Various examples have been described. These and other examples are within the scope of the following claims.

Claims

1. A method of performing neural network filtering on video data, the method comprising:

Receiving a neural network post-filter characteristic message; and

Parsing a first syntax element from the neural network post-filter characteristic message, the first syntax element indicating whether a post-processing filter accepts as input (i) a block size having a width equal to a horizontal sample count indicated by the second syntax element and a height equal to a vertical sample count indicated by the third syntax element, or (ii) a block size having a width equal to a multiple of a horizontal sample count indicated by the fourth syntax element and a height equal to a multiple of a vertical sample count indicated by the fifth syntax element.

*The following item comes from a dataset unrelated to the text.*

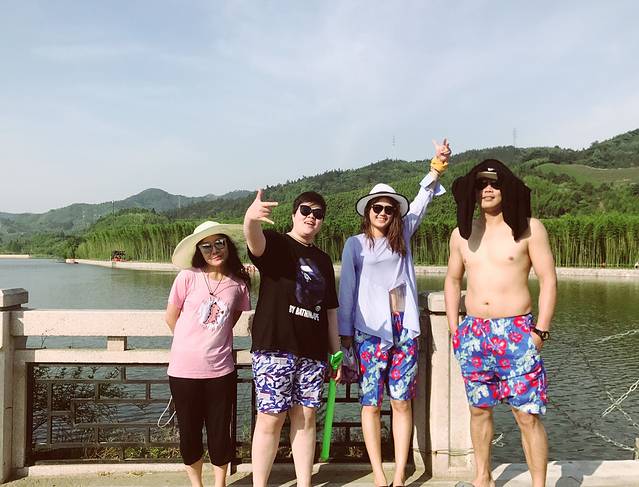 水枪大战!提醒各位,一定要人手一个!不然被围攻,真的是势单力薄!而且一定要一群人组团去,打起来才爽!途中,在经历第一个坡的时候,老公同学,扑通掉了下去,然后我家没有方向,只能随波逐流,停都停不下来!只得老公飞快游过来,期间由于河道里都是小石子,他的腿上好多都划破了,所以提醒各位,千万不要落船啊!另外拖鞋千万不要夹脚拖,因为水的阻力大,无法跟脚!

2. An apparatus comprising one or more processors configured to:

Receiving a neural network post-filter characteristic message; and

3. The apparatus of claim 2, wherein the apparatus comprises a video decoder.

4. An apparatus comprising one or more processors configured to:

Transmitting a post-filter characteristic message signaling the neural network; and

Signaling a first syntax element in the neural network post-filter characteristic message, the first syntax element indicating whether the post-processing filter accepts as input (i) a block size having a width equal to a horizontal sample count indicated by the second syntax element and a height equal to a vertical sample count indicated by the third syntax element, or (ii) a block size having a width equal to a multiple of a horizontal sample count indicated by the fourth syntax element and a height equal to a multiple of a vertical sample count indicated by the fifth syntax element.

5. The apparatus of claim 4, wherein the apparatus comprises a video encoder.